■ **Directions for this task**
Reproduce exactly the first line of the material below and every line after it, ending with the line that contains "Вода (вода) (способствует". No pictures should be copied.

■ **Data segment**
######

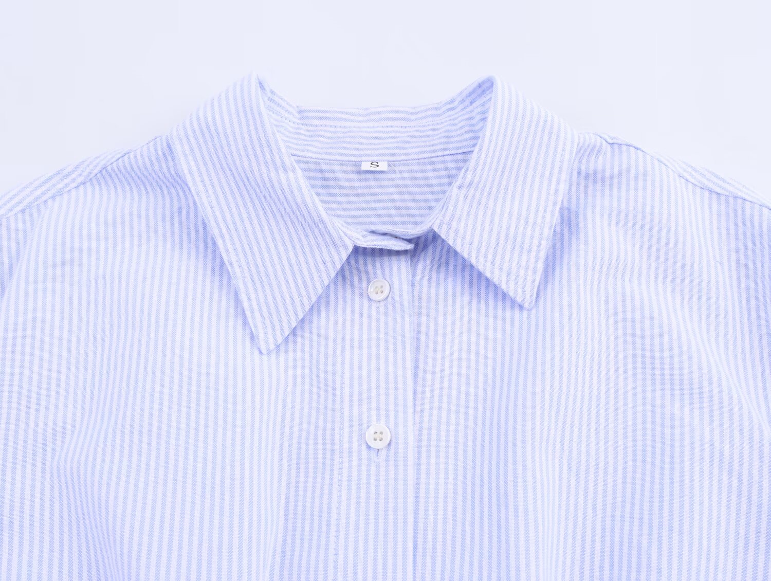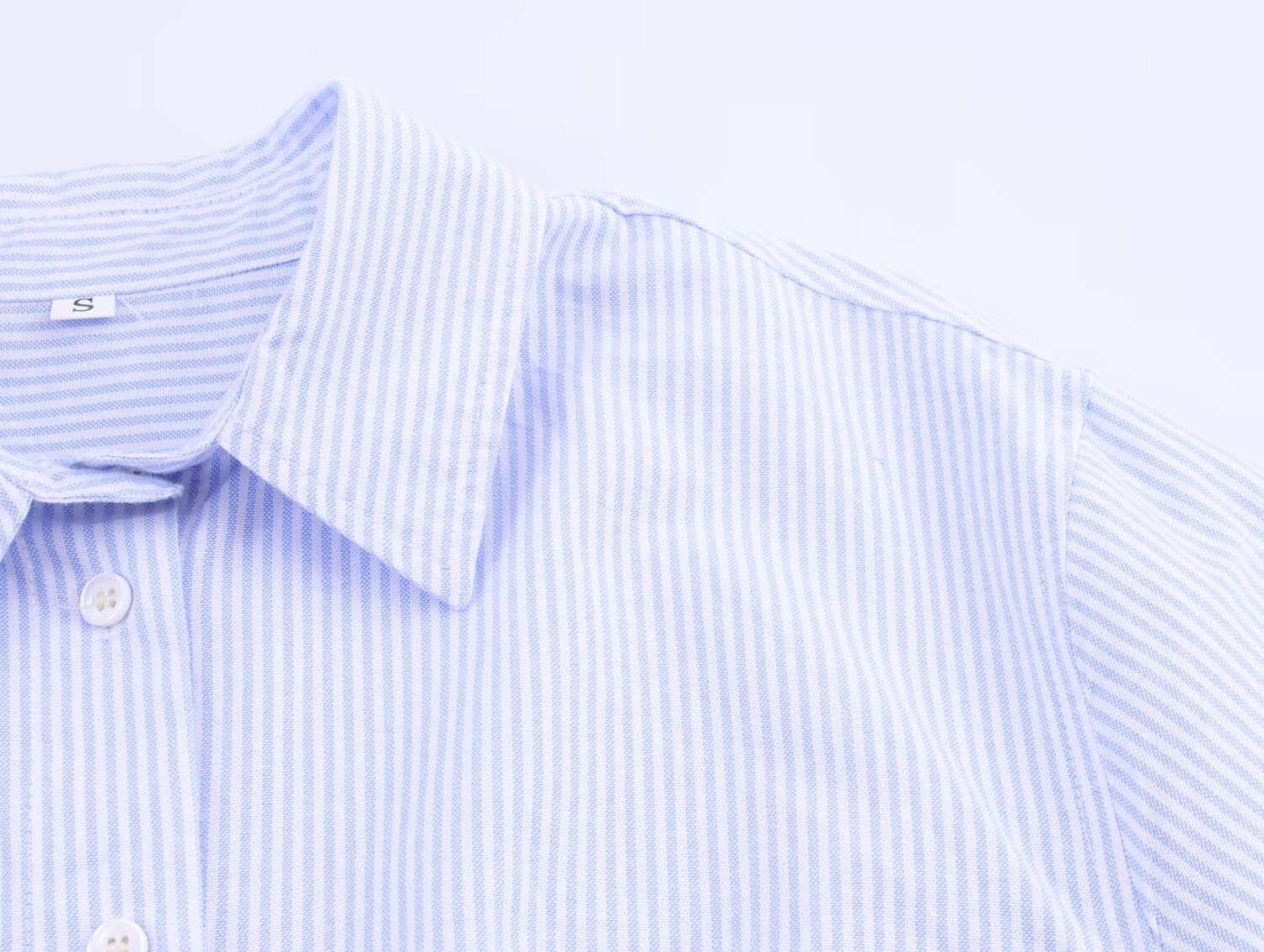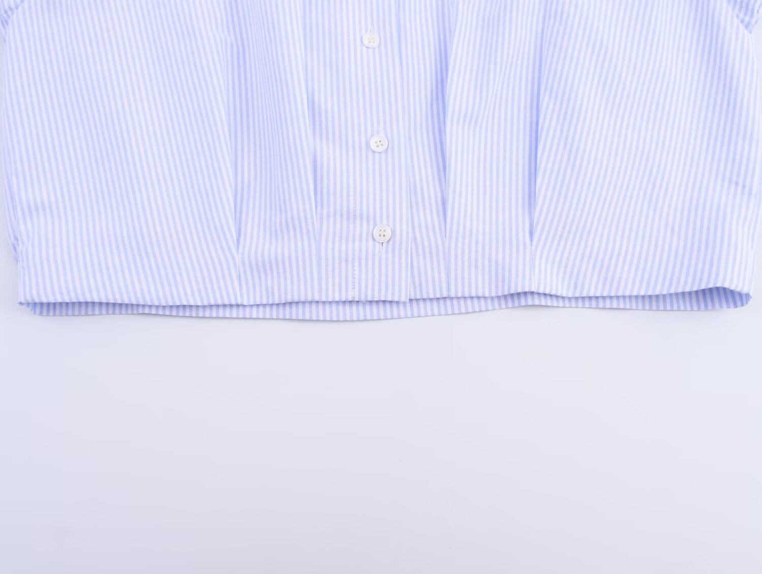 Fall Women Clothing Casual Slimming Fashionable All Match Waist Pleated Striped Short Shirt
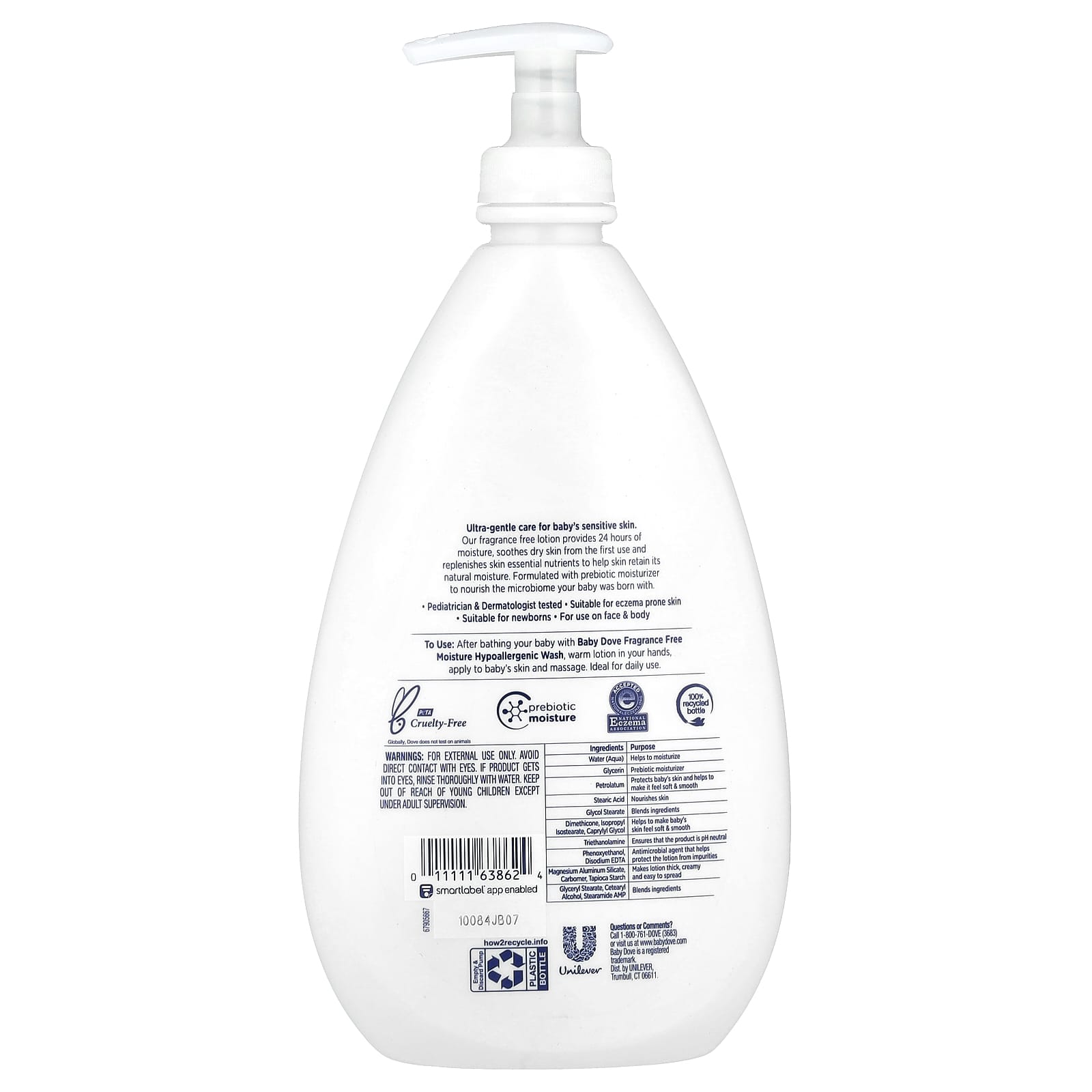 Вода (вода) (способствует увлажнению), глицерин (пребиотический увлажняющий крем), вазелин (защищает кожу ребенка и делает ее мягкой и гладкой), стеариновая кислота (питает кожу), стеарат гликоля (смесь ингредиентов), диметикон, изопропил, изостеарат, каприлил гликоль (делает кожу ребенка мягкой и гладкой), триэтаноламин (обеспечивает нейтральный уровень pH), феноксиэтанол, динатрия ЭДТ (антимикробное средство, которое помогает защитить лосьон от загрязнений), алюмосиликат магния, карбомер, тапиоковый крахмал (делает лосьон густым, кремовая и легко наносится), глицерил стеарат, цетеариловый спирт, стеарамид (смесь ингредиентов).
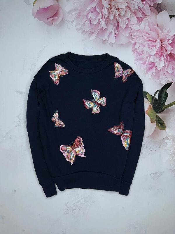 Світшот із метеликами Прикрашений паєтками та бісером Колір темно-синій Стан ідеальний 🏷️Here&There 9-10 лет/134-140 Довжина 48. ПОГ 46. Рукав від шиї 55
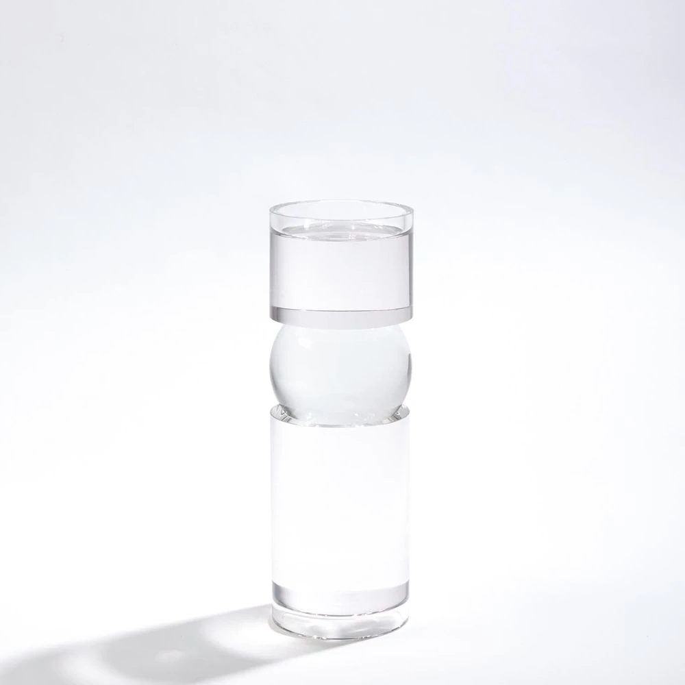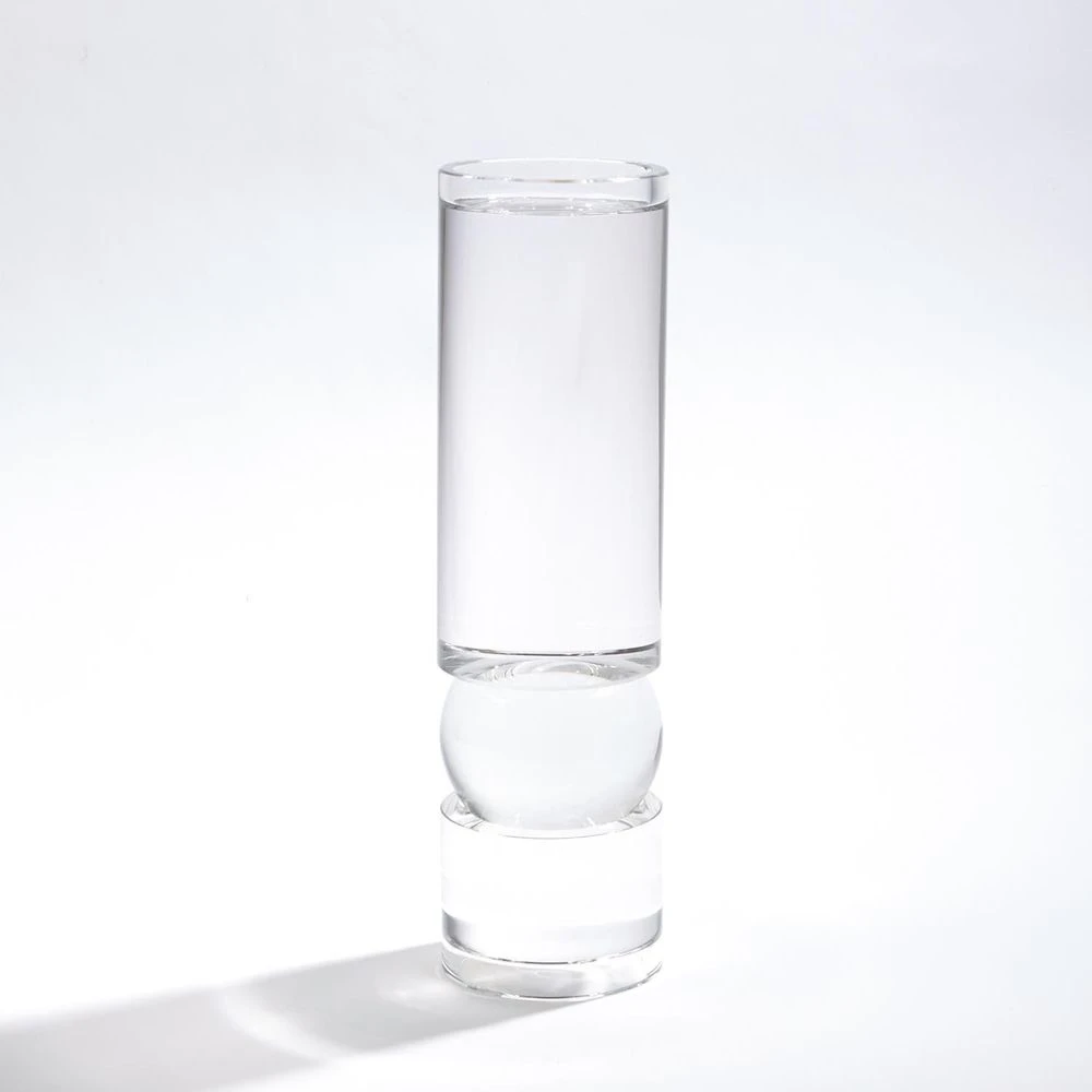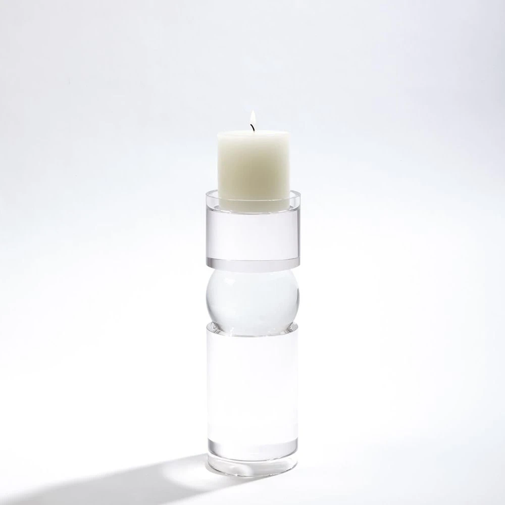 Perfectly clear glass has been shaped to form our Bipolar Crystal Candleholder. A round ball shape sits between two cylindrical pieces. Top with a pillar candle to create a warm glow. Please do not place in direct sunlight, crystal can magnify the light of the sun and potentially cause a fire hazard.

######

■ **Task response**
 Fall Women Clothing Casual Slimming Fashionable All Match Waist Pleated Striped Short Shirt
 Вода (вода) (способствует увлажнению), глицерин (пребиотический увлажняющий крем), вазелин (защищает кожу ребенка и делает ее мягкой и гладкой), стеариновая кислота (питает кожу), стеарат гликоля (смесь ингредиентов), диметикон, изопропил, изостеарат, каприлил гликоль (делает кожу ребенка мягкой и гладкой), триэтаноламин (обеспечивает нейтральный уровень pH), феноксиэтанол, динатрия ЭДТ (антимикробное средство, которое помогает защитить лосьон от загрязнений), алюмосиликат магния, карбомер, тапиоковый крахмал (делает лосьон густым, кремовая и легко наносится), глицерил стеарат, цетеариловый спирт, стеарамид (смесь ингредиентов).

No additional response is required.